On aimerait demander au président en quoi l’Europe possède le commencement d’un début de souveraineté. Dans l’inventaire des institutions européennes, on ne trouve aucun attribut de la souveraineté. Sauf à considérer que l’euro en serait un. Le problème est qu’on fait rarement une souveraineté par les unions monétaires, lesquelles ont toutes échoué dans l’histoire.
En fait de souveraineté, le président de la République voit-il l’état de vassalisation de l’Europe aux USA, son assujettissement au dollar et à ses lois et à la protection américaine dans le cadre de l’OTAN ? Ce qu’il reconnaît d’ailleurs dans une phrase : «… d’avoir sa sécurité qui dépende des choix américains ».
En matière de souveraineté, faut-il lui rappeler que l’abandon majeur de souveraineté que constituait l’extension très large du principe de la majorité qualifiée en lieu et place de l’unanimité des États a détruit la souveraineté des États sans créer de souveraineté européenne. La souveraineté des États nations a été ensuite brisée en Europe par l’intervention au Kosovo en 1999, un tournant de l’histoire des relations internationales.
Cette ingérence dans les affaires intérieures d’un État au nom des droits de l’homme a bouleversé l’ordre en vigueur depuis plus d’un siècle. Et cela n’a pas laissé place à un nouvel ordre, mais au chaos dont le spectacle effraie à juste titre les peuples ; il a même constitué la forme du retour de la guerre en Europe.

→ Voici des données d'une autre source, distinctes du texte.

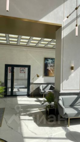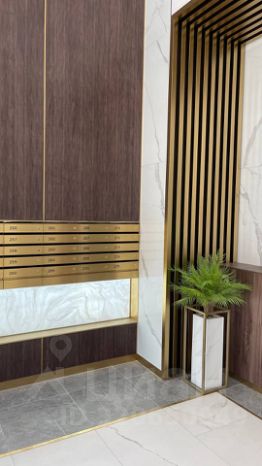 Квартира находится именно в той секции, вход в которую осуществляется через центральную входную группу и лобби с отделкой из керамогранита под мрамор и колоннами с акцентными латунными вставками.
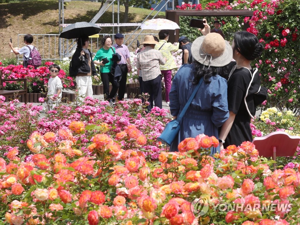 가족 단위 관광객이나 친구, 연인과 함께 온 시민들은 장미 사이로 마련된 산책로를 걸으며 사진을 찍거나, 그늘 사이에서 장미의 향연을 감상했다.
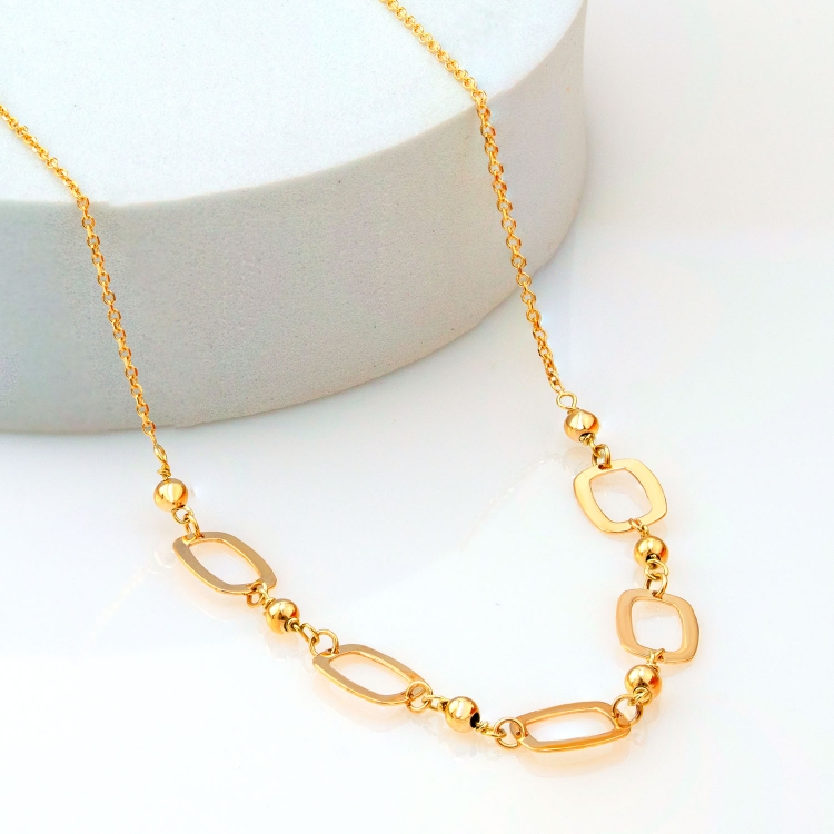 Naszyjnik złoty celebrytka płaskie owalne ogniwa z kulkami CL1492

Celle-ci, de l’entière responsabilité de l’institution européenne et en contradiction absolue avec ses affirmations de « defensor pacis ».
Non, décidément, à ce niveau d’incohérence, nous n’avons le choix qu’entre incompétence ou mauvaise foi, l’histoire semble se répéter selon lui, et le président s’engouffre dans son psittacisme.
C’est alors qu’il faut lui rappeler la phrase de Marx : « Tous les grands événements et personnages historiques se répètent pour ainsi dire deux fois […] la première fois comme tragédie, la seconde fois comme farce ».
Note
(1) Elle s’énonce ainsi : « Plus une discussion dure longtemps, plus la probabilité d’y trouver une comparaison impliquant les nazis ou Hitler s’approche de 1 ».